* _ASSIGNED TASK_: Transcribe each record exactly. Omit the pictures.

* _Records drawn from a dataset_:
----

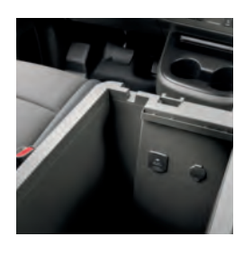
12-V and 120-V power outlets in the center console help keep you charged up.
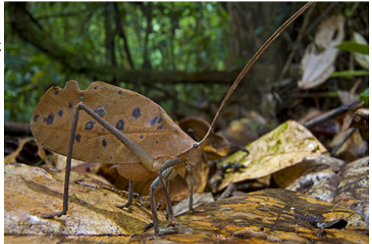
The peacock katydid, Pterochroza ocellata , mimics a dead leaf, leaf spots and all, protecting it from predators.

Katydids major form of defense is their remarkable use of mimicry. They have cryptic coloration and shapes that blend them into their environment making it difficult for predators to see them (see images). Amazingly, many katydids have evolved to look like leaves, and leaves of different color (ex. green or brown). Some even have spots or marks on them that give them the look of a diseased or ratty looking leaf. The peacock katydid, Pterochroza ocellata , for example, mimics the discoloration of a dead leaf (see image). In addition to mimicry, this katydid uses “startling” behavior to ward off predators.
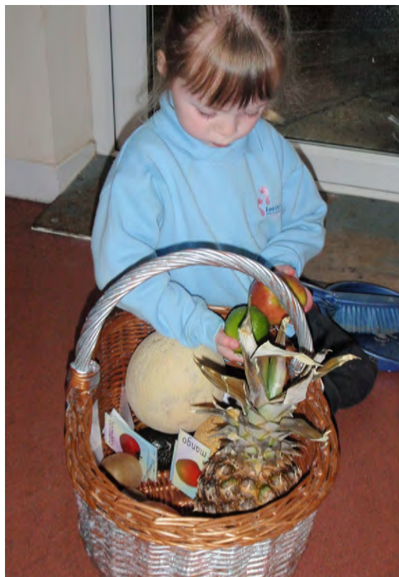
Exploring the fruits in Handa's Surprise
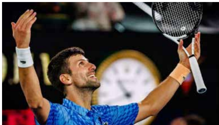
Djokovic returned to the world number one position after winning the Australian Open in January

Djokovic first became world number one in 2011
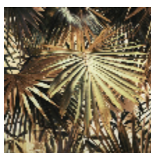
3490-01 LES MARQUISES - MORDORE
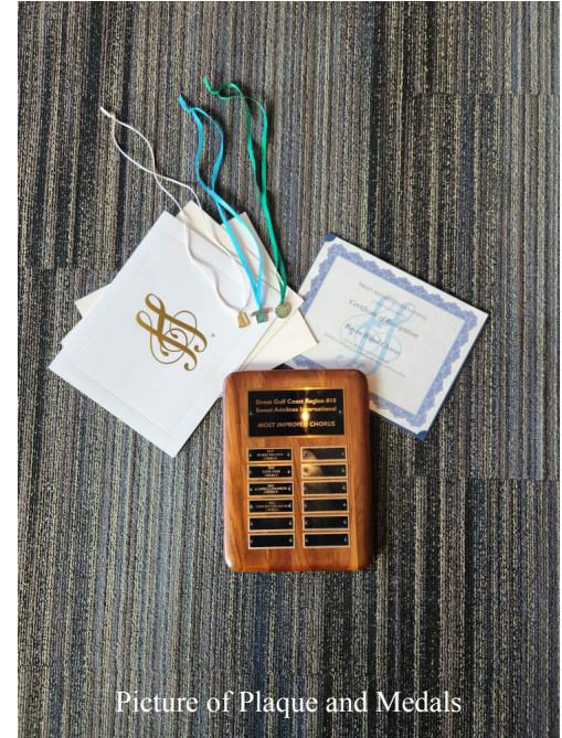
Picture of Plaque and Medals
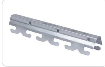
Carrier Type (84R)
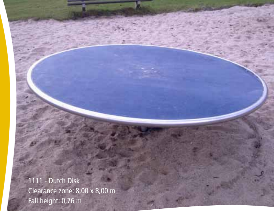
1111 - Dutch Disk Clearance zone: 8,00 x 8,00 m Fall height: 0,76 m
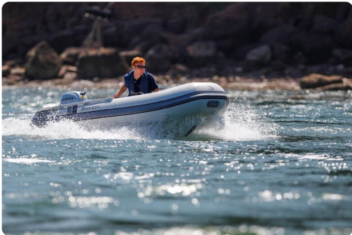
Highfield CL 290 aluminium hull RIB - starboard side bow
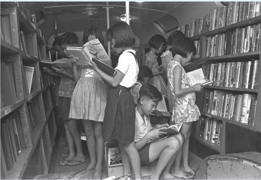
Children reading inside the mobile library van at the opening of the mobile library service point at Paya Lebar Community Centre, 1967.

In 1973, because of government efforts to curb inflation and to manage the global energy crisis, the National Library was tasked with evaluating the efficiency of its mobile library service. The goal was to potentially reduce or relocate the existing 12 service points. The relocation of the Library Extension Services section to Toa Payoh Branch Library also provided an opportunity to streamline mobile library operations. Consequently, in 1974, three service points – Pasir Panjang, Changi 10 milestone and Serangoon Gardens – were shut down. 36
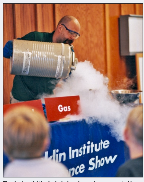
The day's activities included a science show presented by The Franklin Institute Science Museum.
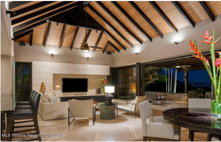
MLS Valarta Nayanti Compostela
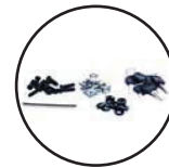
Cage nuts & screws included
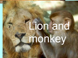
Lion and monkey
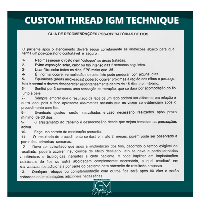
Figure 9. Postoperative guidance guide.
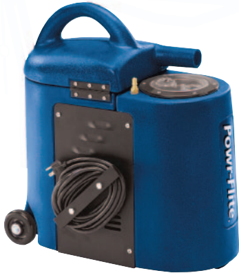
All steel cord wrap

The PS25 commercial spotter is portable, light-weight, and extremely powerful. It is perfect for touch-ups, spot removal between scheduled carpet cleanings, and those locations where the bigger extractors just won't fit. And, you can use it to pick up small wet spills quickly and easily. The PS25 takes the hassle out of cleaning spots before they become a major stain.
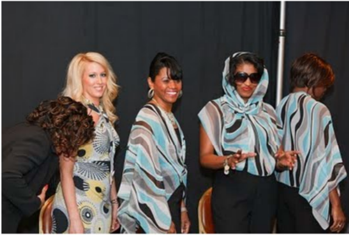
Backstage at the No-Fuss Scarves Fashion Show

Designers of all kinds to be compassionate toward women of need with fashion! As a Women, no matter what our status, circumstances, or race, we strive to look our best. I stand by my motto: "Encouraging Women to Look and Feel Beautiful". I am happy to donate pieces of my product to The Compassion Fashion Project to be used toward a charitable cause."
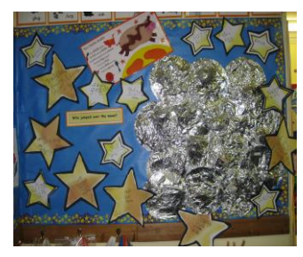
Reception moon made from foil and pasta

The Nursery Rhyme in Nursery this week has been Humpty Dumpty. We started with the story of how Humpty wanted to climb on the wall but the Kings Horses and the Kings Men told him 'No, Humpty you will fall.' The children were shocked to see that Humpty was a REAL egg and could not be put back together again! We looked at the inside of an egg and talked about the yellow yolk and the gloopy albumen. Later in the week we looked at a boiled egg that did not break easily!
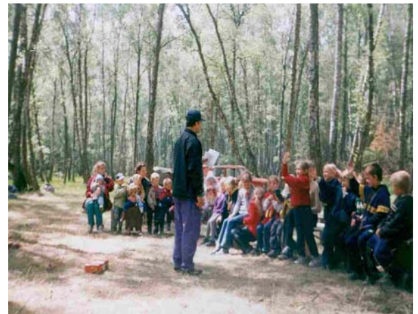
Summer Camp 2004 in Chernigiv Oblast
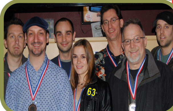
BRONZE -- The Slopshots
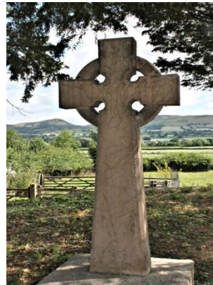
Later Celtic Cross

The Celtic cross is a symbol of both culture and faith. The true origins of the Celtic cross are unknown but there are many theories and legends. One legend says that the first Celtic cross was formed by St. Patrick while bringing Christianity to the Druids. The druids used to worship a large circular stone. St. Patrick, on seeing the significance of the stone, drew a large cross through the middle of it in order to bless it. From this act, the two cultures combined to form the Celtic cross. The cross represents Christianity and the circle is the Celtic representation of eternity.

----

* _RESPONSE BOX_:
12-V and 120-V power outlets in the center console help keep you charged up.
The peacock katydid, Pterochroza ocellata , mimics a dead leaf, leaf spots and all, protecting it from predators.

Katydids major form of defense is their remarkable use of mimicry. They have cryptic coloration and shapes that blend them into their environment making it difficult for predators to see them (see images). Amazingly, many katydids have evolved to look like leaves, and leaves of different color (ex. green or brown). Some even have spots or marks on them that give them the look of a diseased or ratty looking leaf. The peacock katydid, Pterochroza ocellata , for example, mimics the discoloration of a dead leaf (see image). In addition to mimicry, this katydid uses “startling” behavior to ward off predators.
Exploring the fruits in Handa's Surprise
Djokovic returned to the world number one position after winning the Australian Open in January

Djokovic first became world number one in 2011
3490-01 LES MARQUISES - MORDORE
Picture of Plaque and Medals
Carrier Type (84R)
1111 - Dutch Disk Clearance zone: 8,00 x 8,00 m Fall height: 0,76 m
Highfield CL 290 aluminium hull RIB - starboard side bow
Children reading inside the mobile library van at the opening of the mobile library service point at Paya Lebar Community Centre, 1967.

In 1973, because of government efforts to curb inflation and to manage the global energy crisis, the National Library was tasked with evaluating the efficiency of its mobile library service. The goal was to potentially reduce or relocate the existing 12 service points. The relocation of the Library Extension Services section to Toa Payoh Branch Library also provided an opportunity to streamline mobile library operations. Consequently, in 1974, three service points – Pasir Panjang, Changi 10 milestone and Serangoon Gardens – were shut down. 36
The day's activities included a science show presented by The Franklin Institute Science Museum.
MLS Valarta Nayanti Compostela
Cage nuts & screws included
Lion and monkey
Figure 9. Postoperative guidance guide.
All steel cord wrap

The PS25 commercial spotter is portable, light-weight, and extremely powerful. It is perfect for touch-ups, spot removal between scheduled carpet cleanings, and those locations where the bigger extractors just won't fit. And, you can use it to pick up small wet spills quickly and easily. The PS25 takes the hassle out of cleaning spots before they become a major stain.
Backstage at the No-Fuss Scarves Fashion Show

Designers of all kinds to be compassionate toward women of need with fashion! As a Women, no matter what our status, circumstances, or race, we strive to look our best. I stand by my motto: "Encouraging Women to Look and Feel Beautiful". I am happy to donate pieces of my product to The Compassion Fashion Project to be used toward a charitable cause."
Reception moon made from foil and pasta

The Nursery Rhyme in Nursery this week has been Humpty Dumpty. We started with the story of how Humpty wanted to climb on the wall but the Kings Horses and the Kings Men told him 'No, Humpty you will fall.' The children were shocked to see that Humpty was a REAL egg and could not be put back together again! We looked at the inside of an egg and talked about the yellow yolk and the gloopy albumen. Later in the week we looked at a boiled egg that did not break easily!
Summer Camp 2004 in Chernigiv Oblast
BRONZE -- The Slopshots
Later Celtic Cross

The Celtic cross is a symbol of both culture and faith. The true origins of the Celtic cross are unknown but there are many theories and legends. One legend says that the first Celtic cross was formed by St. Patrick while bringing Christianity to the Druids. The druids used to worship a large circular stone. St. Patrick, on seeing the significance of the stone, drew a large cross through the middle of it in order to bless it. From this act, the two cultures combined to form the Celtic cross. The cross represents Christianity and the circle is the Celtic representation of eternity.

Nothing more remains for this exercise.